Prime Minister Binyamin Netanyahu speaks at the weekly cabinet meeting, June 29, 2014 (photo credit: MARC ISRAEL SELLEM/THE JERUSALEM POST)
Prime Minister Binyamin Netanyahu speaks at the weekly cabinet meeting, June 29, 2014
(photo credit: MARC ISRAEL SELLEM/THE JERUSALEM POST)
Prime Minister Binyamin Netanyahu directed the relevant authorities on Sunday to weigh the possibilities of outlawing the Islamic Movement’s Northern Branch, following a protest Friday in Umm el-Fahm that included calls to kidnap IDF soldiers.
Hundreds of Israeli Arabs waved Palestinian flags and chanted, “With spirit and blood, we will redeem you Palestine” in support of Palestinian security prisoners.
Declaring the group an illegal organization, Netanyahu said that Israeli citizens cannot “countenance such outrageous” remarks.
Speaking at the start of the weekly cabinet meeting, Netanyahu said that a legal ban would give the security forces important tools to use against the movement.
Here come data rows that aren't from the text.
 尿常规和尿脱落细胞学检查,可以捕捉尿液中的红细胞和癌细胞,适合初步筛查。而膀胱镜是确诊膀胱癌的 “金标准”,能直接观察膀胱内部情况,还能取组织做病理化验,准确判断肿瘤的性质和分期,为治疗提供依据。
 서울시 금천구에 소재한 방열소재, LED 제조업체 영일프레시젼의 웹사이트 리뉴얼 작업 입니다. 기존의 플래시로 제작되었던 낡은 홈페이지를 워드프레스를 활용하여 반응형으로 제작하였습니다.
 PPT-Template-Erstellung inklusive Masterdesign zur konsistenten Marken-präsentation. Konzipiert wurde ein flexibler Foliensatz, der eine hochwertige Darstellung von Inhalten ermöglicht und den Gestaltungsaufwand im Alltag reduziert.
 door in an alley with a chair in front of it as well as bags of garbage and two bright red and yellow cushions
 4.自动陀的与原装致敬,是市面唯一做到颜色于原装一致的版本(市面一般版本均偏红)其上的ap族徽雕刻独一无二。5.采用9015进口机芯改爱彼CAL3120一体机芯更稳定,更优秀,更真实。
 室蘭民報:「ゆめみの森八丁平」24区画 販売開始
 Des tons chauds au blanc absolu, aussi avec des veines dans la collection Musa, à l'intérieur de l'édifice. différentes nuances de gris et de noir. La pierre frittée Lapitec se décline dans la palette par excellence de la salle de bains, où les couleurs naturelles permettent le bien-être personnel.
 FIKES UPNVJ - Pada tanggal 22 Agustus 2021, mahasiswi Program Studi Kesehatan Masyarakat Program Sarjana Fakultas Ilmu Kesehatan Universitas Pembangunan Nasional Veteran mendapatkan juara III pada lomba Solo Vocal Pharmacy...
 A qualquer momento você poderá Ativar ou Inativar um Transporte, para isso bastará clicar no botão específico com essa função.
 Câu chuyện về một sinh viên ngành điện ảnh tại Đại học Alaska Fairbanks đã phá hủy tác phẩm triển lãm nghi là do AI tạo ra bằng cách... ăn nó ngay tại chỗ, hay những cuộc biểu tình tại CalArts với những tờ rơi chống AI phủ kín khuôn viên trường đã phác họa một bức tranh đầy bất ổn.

That group, he said, “constantly preaches against the State of Israel, and its people publicly identify with terrorist organizations such as Hamas.”
“IDF soldiers protect all of us,” he said, adding that in many cases the Islamic Movement’s Northern Branch, led by Sheikh Raed Saleh, stands behind this type of protest.
Netanyahu noted that most of the Israeli-Arab public does not identify with calls heard at the protest, and he called upon the group’s leadership to show courage and condemn the remarks.
Foreign Minister Avigdor Liberman quickly denounced the protest, saying that those who participated and encouraged the kidnapping of IDF soldiers would be treated as “terrorists in the full sense of the word.” He welcomed the prime minister’s directive to look into banning the organization.
Liberman said, however, that existing laws also provide tools to deal with those advocating kidnapping soldiers.
He added that he expected the justice system to immediately and effectively “make clear that Israeli society will not tolerate this type of incitement from within.”
During an interview with Army Radio last month Liberman said that “enlightened” Israel had been in an uproar following a wave of “price tag” vandalism and graffiti incidents, with numerous articles written about “Jewish terror” and “hate crimes.” By the same reasoning, he said, people should not “be quiet” when there are “calls for more abductions during an illegal protest” against the State’s operations to find the kidnapped boys, Naftali Fraenkel, Gil-Ad Shaer and Eyal Yifrah.
MK Ahmed Tibi (United Arab-Ta’al) responded to Netanyahu’s directive to consider banning the Islamic Movement’s Northern Branch by saying this was a “cynical use of the kidnapping crisis” to implement a plan against the movement that was long kept “in the drawer.”
“If political movements would be banned for every sentence they say, then there would be no political party left in Israel, including those inside the coalition,” Tibi said. “This is a spin to deflect the media’s fire from the government’s failures. We are sick of Israeli politicians’ spin, where the victim is always an Arab.”
Tibi said that the Islamic Movement represents the “texture of the Arab-Palestinian society in Israel, and we will not agree to its being outlawed, even if the law at its basic level is against us.”
Zahin Jihan, the spokesman for the Northern Branch of the Islamic Movement in Israel, told The Jerusalem Post on Sunday that the prime minister’s “unruly language does not mark the first time that Mr. Netanyahu has incited against the Islamic Movement.”
Foreign Minister Avigdor Liberman did the same just a few days ago, he added.
This is “a declaration of war” by the Israeli government, Jihan said.
Asked how he thinks the government could carry out a ban that would require a massive security operation, Jihan responded, “You need to ask [Netanyahu] this question; we are present in every village, town, and household – everywhere.”
The government’s effort seeks to delegitimize the Movement and “therefore anyone who wants to ban the Islamic Movement will have to remove over a million Arabs.”